Many of these adjustments have occurred in key industries and would have seemed to us major crises if they had not been settled peaceably.
Within the framework of the wage-price policy there has been definite success, and it is to be expected that this success will continue in a vast majority of the cases arising in the months ahead.
However, everyone who realizes the extreme need for a swift and orderly reconversion must feel a deep concern about the number of major strikes now in progress.
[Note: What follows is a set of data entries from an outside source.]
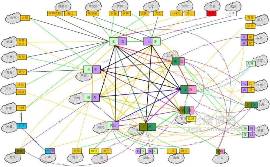 北京、上海、广州,是 ChinaNet 的超级核心。除了超级核心之外,ChinaNet 还有天津、西安、南京、杭州、武汉、成都等普通核心。所有核心之间,采用 Full-Mesh 连接。国际出入口,以及运营商之间的互联互通,基本上都在核心层。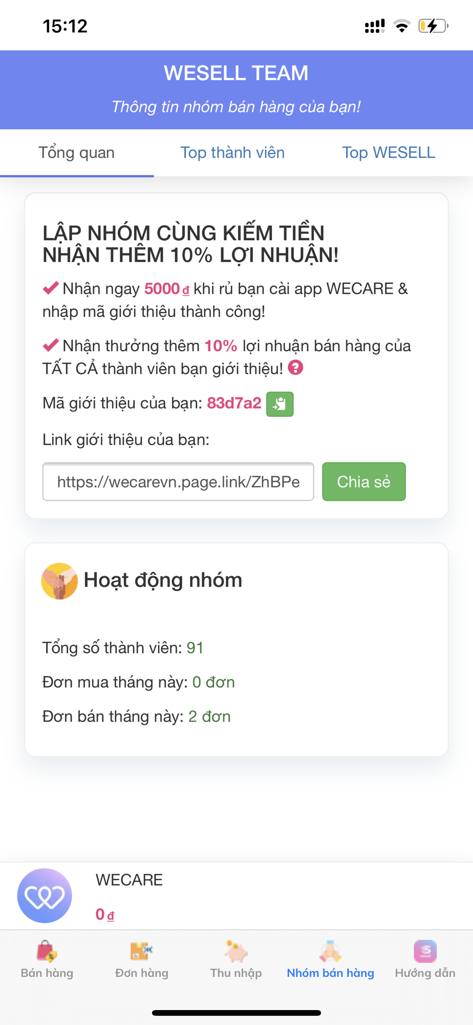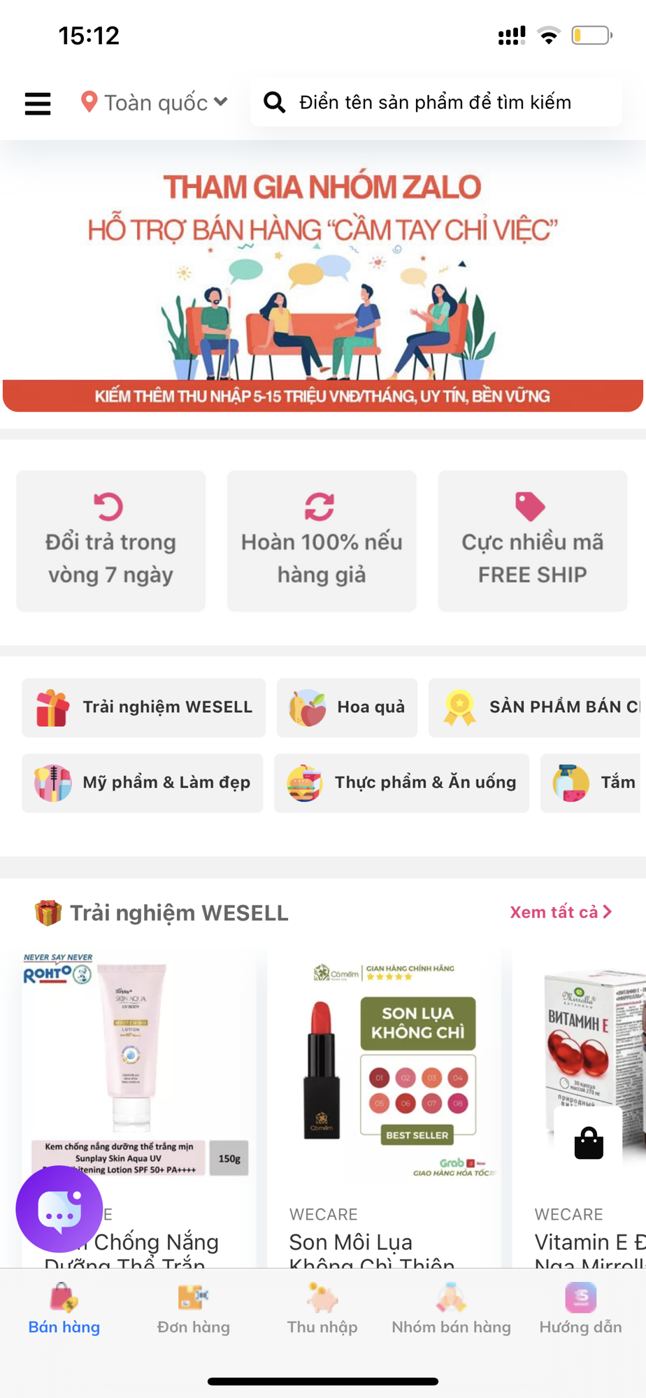 WESELL - Ứng dụng dành cho cộng tác viên gom đơn mua chung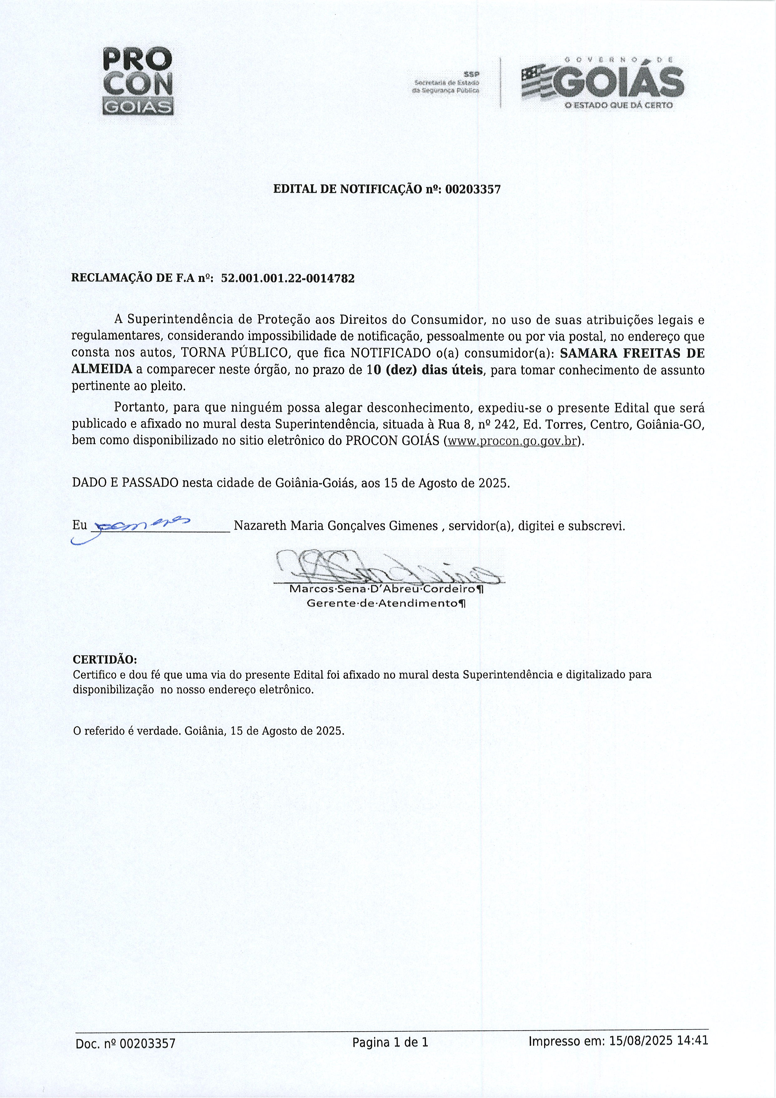 Edital de Notificação Nº 00203357 , Consumidor SAMARA FREITAS DE ALMEIDA Última Atualização em 26 de agosto de 2025 Categoria Consumidor, Editais de Notificação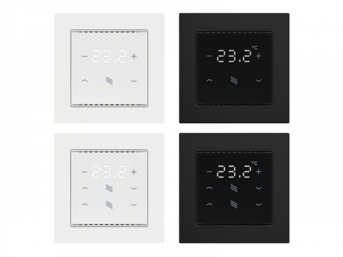 Cala KNX T 201 /202 Солнцезащитные шторки имеют ПИ-регулятор для обогрева и охлаждения. Заданную температуру можно изменить с помощью сенсорных кнопок "+" и "-".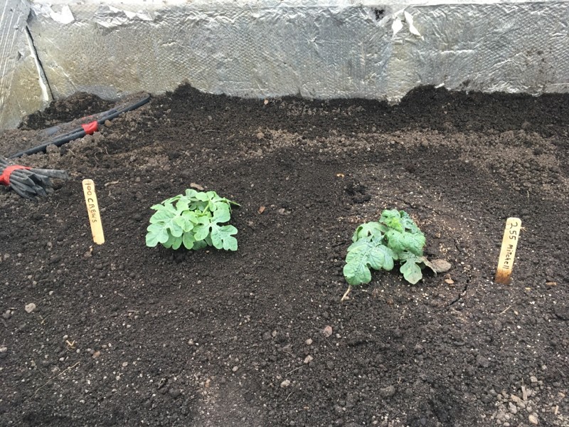 Decided to plant the 100 Crews melon I grafted. I'll pull the slowest grower. The grafted plant looks really healthy.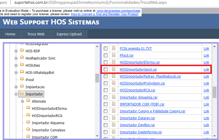 No trocaweb, buscar o arquivo HOSImportadorGeral.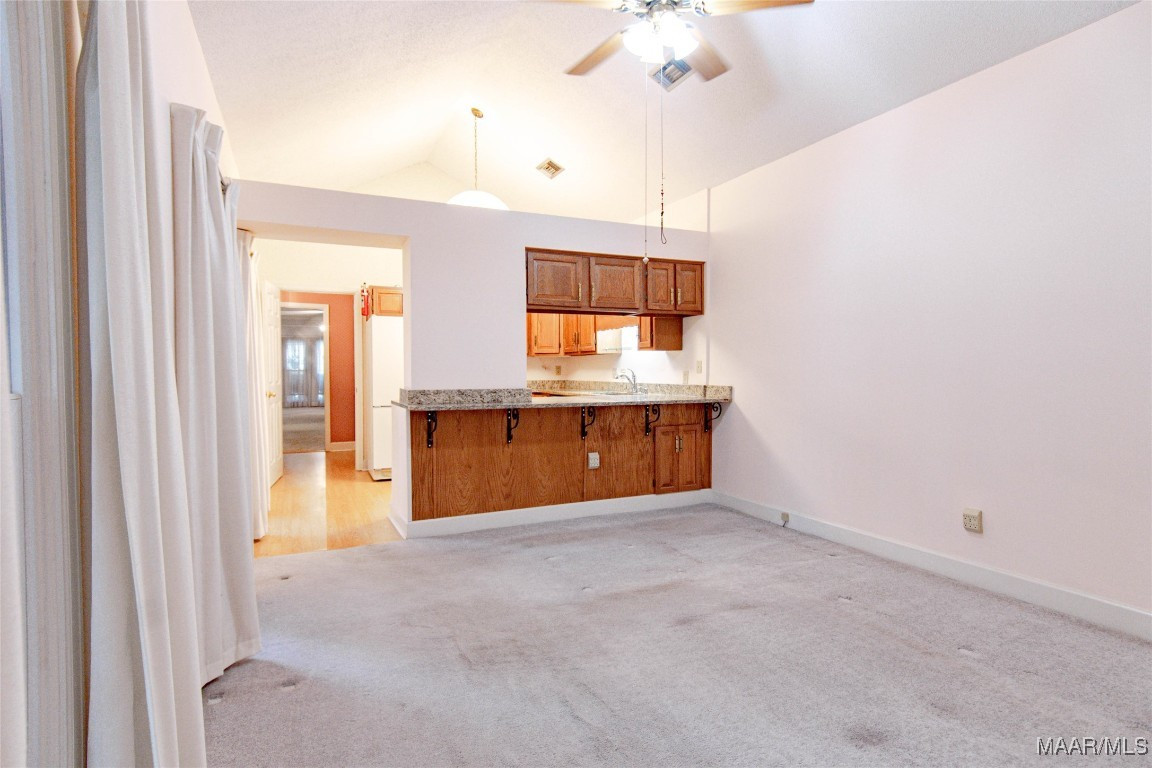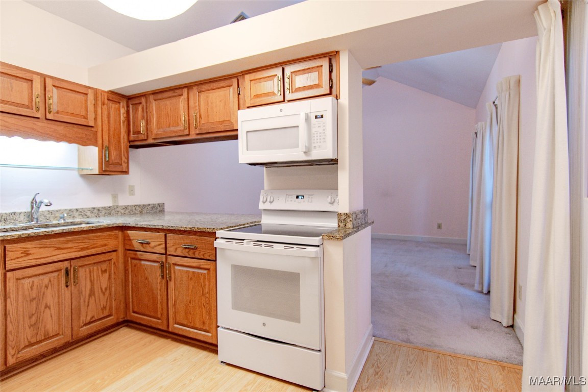 Welcome to this thoughtful one story floor plan in desirable Hazel Hedge. Massive LR/DR combo with a fireplace and built-in. Plenty of space and has a walk-in closet for storage. Kitchen features granite counter tops, adequate storage, and counter space. it overlooks a den with vaulted ceiling. Perfect split space for entertaining or 2 separate living areas. Two bedrooms with generous closet space. One has an ensuite bath and both baths are completely updated. Off the GR is a large patio with privacy. 2 car carport and 2 nice storage rooms. HOA covers front yard maintenance to include shrubs, pine straw, and grass mowing. Centrally located and quick access to I-85. Minutes to the Cloverdale entertainment districts and Zelda Road shopping area.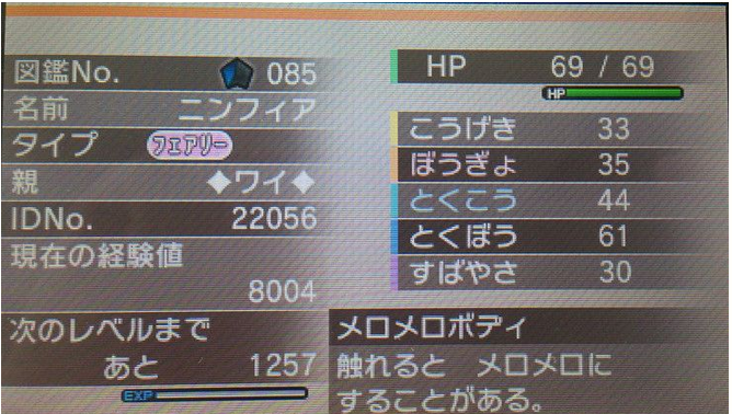 这个是尼恩菲亚的特性,メロメロボディ(媚惑身躯) - 碰到的话,有可能会被媚惑,具体怎么样的效果,大家不妨都去练一只看看。

If long continued, these strikes could put a heavy brake on our program.
I have already made recommendations to the Congress as to the procedure best adapted to meeting the threat of work stoppages in Nation-wide industries without sacrificing the fundamental rights of labor to bargain collectively and ultimately to strike in support of their position.
If we manage our economy properly, the future will see us on a level of production half again as high as anything we have ever accomplished in peacetime. Business can in the future pay higher wages and sell for lower prices than ever before. This is not true now for all companies, nor will it ever be true for all, but for business generally it is true.
We are relying on all concerned to develop, through collective bargaining, wage structures that are fair to labor, allow for necessary business incentives, and conform with a policy designed to “hold the line” on prices.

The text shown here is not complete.